Content-Addressable Storage
Automatic deduplication, integrity verification, and garbage collection with content-addressable storage.
The CAS (Content-Addressable Storage) engine stores objects under their content hash. Identical content is stored once regardless of how many keys reference it, providing automatic deduplication and integrity verification.
Quick Start
import (
"github.com/xraph/trove"
"github.com/xraph/trove/cas"
"github.com/xraph/trove/drivers/memdriver"
)
drv := memdriver.New()
t, _ := trove.Open(drv,
trove.WithCAS(cas.AlgSHA256),
)
defer t.Close(ctx)
// Store content — returns the content hash.
hash, info, err := t.CAS().Store(ctx, strings.NewReader("hello, world!"))
// hash = "sha256:315f5bdb76d078c43b8ac0064e4a0164612b1fce77c869345bfc94c75894edd3"
// Retrieve by hash.
reader, err := t.CAS().Retrieve(ctx, hash)
data, _ := io.ReadAll(reader)
reader.Close()Hash Algorithms
Three algorithms are available:
| Algorithm | Constant | Properties |
|---|---|---|
| SHA-256 | cas.AlgSHA256 | Default. Cryptographic, widely compatible. |
| BLAKE3 | cas.AlgBlake3 | Faster than SHA-256, modern cryptographic hash. |
| XXHash | cas.AlgXXHash | Non-cryptographic, fastest. Use when integrity is sufficient. |
Hashes are formatted as "algorithm:hex", e.g., sha256:315f5bdb....
Deduplication
When identical content is stored twice, the second Store() increments the reference count instead of writing a duplicate:
hash1, _, _ := cas.Store(ctx, bytes.NewReader(data))
hash2, _, _ := cas.Store(ctx, bytes.NewReader(data))
// hash1 == hash2, only one copy stored
// Reference count = 2Pinning
Pin objects to protect them from garbage collection:
// Pin prevents GC from removing this hash.
cas.Pin(ctx, hash)
// Unpin allows GC to collect it (if ref count is 0).
cas.Unpin(ctx, hash)Garbage Collection
GC removes objects with ref_count = 0 and pinned = false:
result, err := t.CAS().GC(ctx)
fmt.Printf("Scanned: %d, Deleted: %d, Freed: %d bytes\n",
result.Scanned, result.Deleted, result.FreedBytes)The GC process:
- Lists all unpinned entries with zero references
- Deletes the object from the underlying storage driver
- Removes the entry from the index
- Reports errors per-entry without aborting the run
Index
The CAS index maps content hashes to storage locations. The default in-memory index works for single-process deployments. For production, use a database-backed index via the extension module.

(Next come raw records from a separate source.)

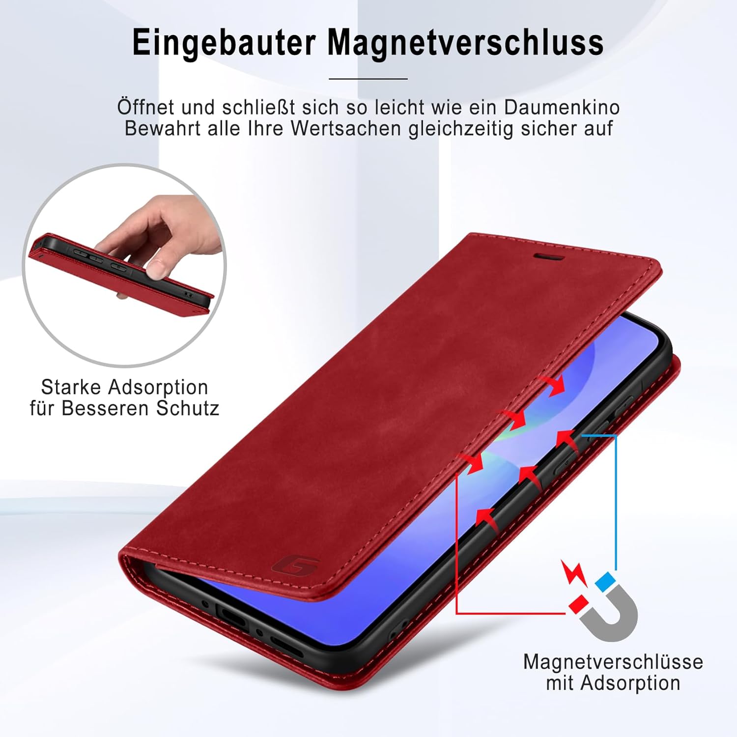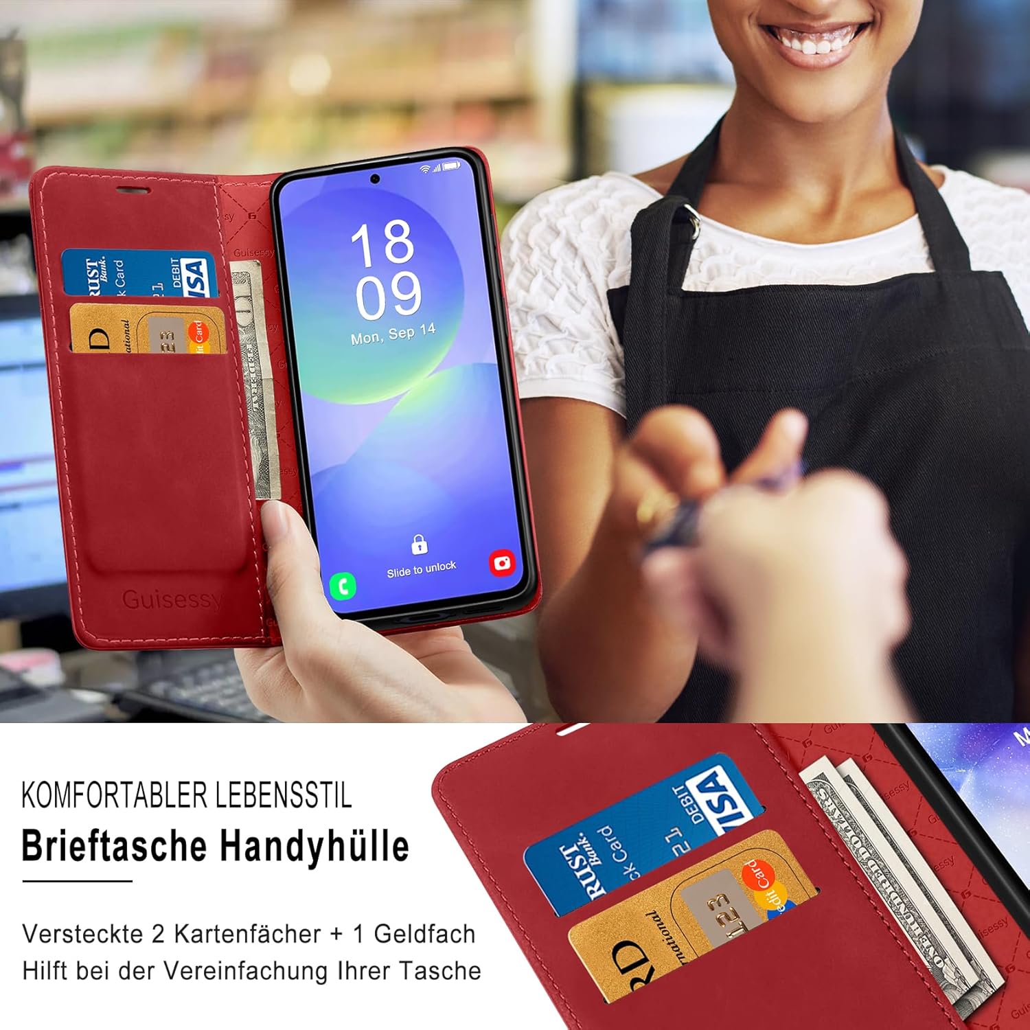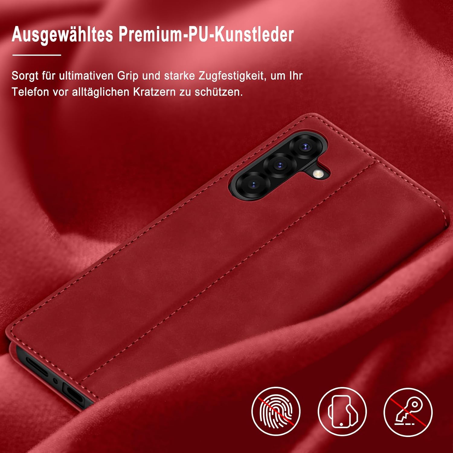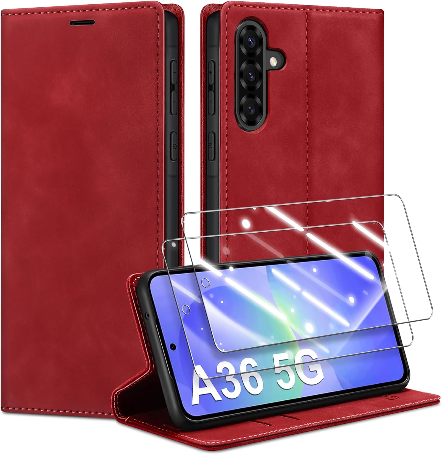 Калъф за мобилен телефон за Samsung Galaxy A36 5G, кожен калъф и 2 протектора за екран, първокласен сгъваем калъф-портфейл с магнитен слот за карти, функция стойка, защитен калъф за Samsung A36, червен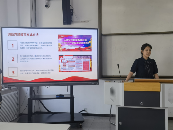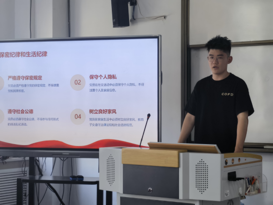 会上,周傲然同志强调了开展党纪学习教育的重大意义,他以“中国共产党对破解历史周期律的探索与实践出发”为题,领学了习近平总书记关于党的自我革命的重要思想;王骏西同志带领支部党员进行了党规党纪学习,他认真讲解了党政治纪律、组织纪律、廉洁纪律、群众纪律、工作纪律、生活纪律;叶甜伊同志通过一系列生动具体的案例,强调了遵守党规党纪的重要性,她提出大家要以案为鉴,要时刻保持清醒头脑,坚定理想信念;林晨曦同志解读了新修订的《中国共产党纪律处分条例》,教育引导全体党员准确把握新修订《条例》的深刻内涵和实践要求,树立纪律观念、强化纪律敬畏、严格纪律约束。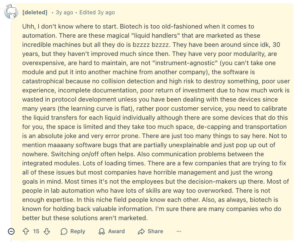 I mention my lack of background context entirely because it has had some unfortunate consequences on my ability to understand the broader field of lab automation. Specifically, that it is incredibly easy for me to get taken for a ride.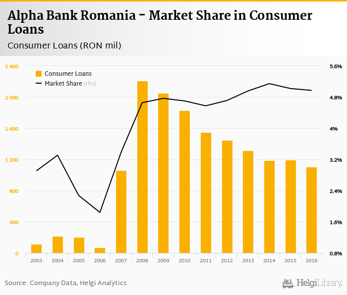 Alpha Bank Romania accounted for 4.97% of all consumer loans issued in Romania at the end of 2016. Historically, the bank’s market share in consumer loans reached an all time high of 5.14% in 2014 and an all time low of 1.84% in 2006.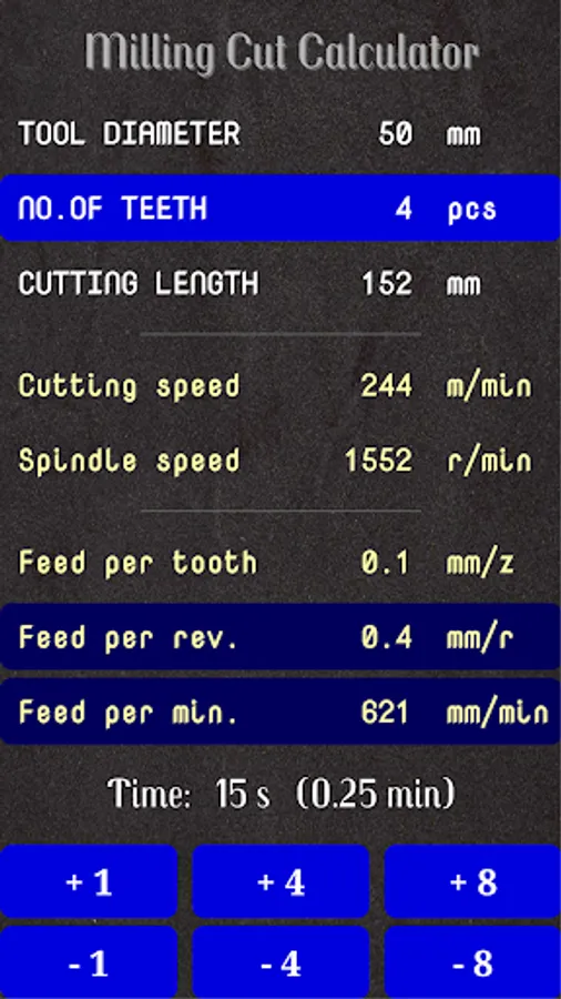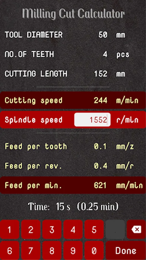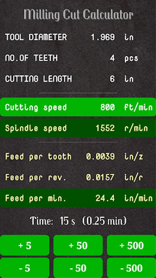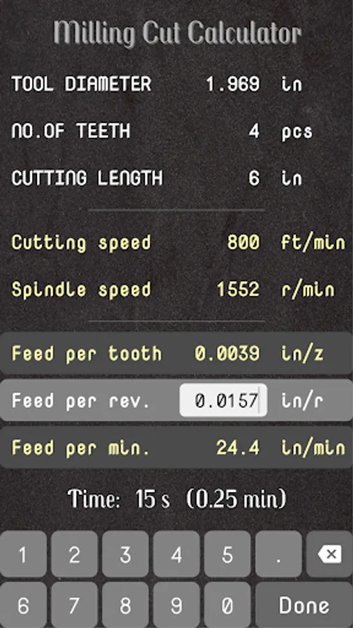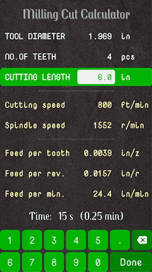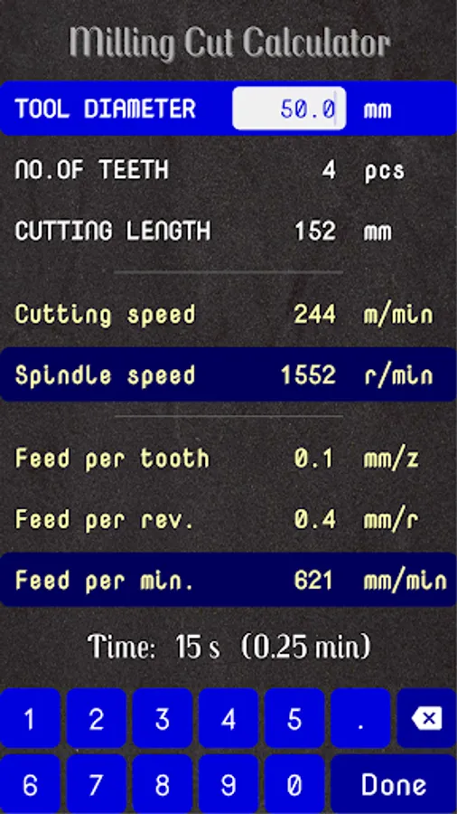 - Calculates the time for a milling cut by using given milling data

// Custom index implementation.
type Index interface {
Get(ctx context.Context, hash string) (*Entry, error)
Put(ctx context.Context, entry *Entry) error
Delete(ctx context.Context, hash string) error
IncrementRef(ctx context.Context, hash string) error
DecrementRef(ctx context.Context, hash string) error
Pin(ctx context.Context, hash string) error
Unpin(ctx context.Context, hash string) error
ListUnpinned(ctx context.Context) ([]*Entry, error)
}Each entry tracks:
type Entry struct {
Hash string // content hash ("sha256:...")
Bucket string // storage bucket
Key string // storage key
Size int64 // content size in bytes
RefCount int // number of references
Pinned bool // protected from GC
}Configuration
// Set the hash algorithm.
cas.New(drv, cas.WithAlgorithm(cas.AlgBlake3))
// Use a custom index.
cas.New(drv, cas.WithIndex(myDatabaseIndex))
// Store in a different bucket.
cas.New(drv, cas.WithBucket("content-store"))CAS + Dedup Middleware
For full deduplication, combine the dedup middleware with CAS:
t, _ := trove.Open(drv,
trove.WithCAS(cas.AlgSHA256),
trove.WithMiddleware(dedup.New(
dedup.WithOnDuplicate(func(ctx context.Context, key, hash string) {
log.Printf("duplicate: %s -> %s", key, hash)
}),
)),
)The dedup middleware detects duplicates and reports them. CAS handles the actual storage-level deduplication.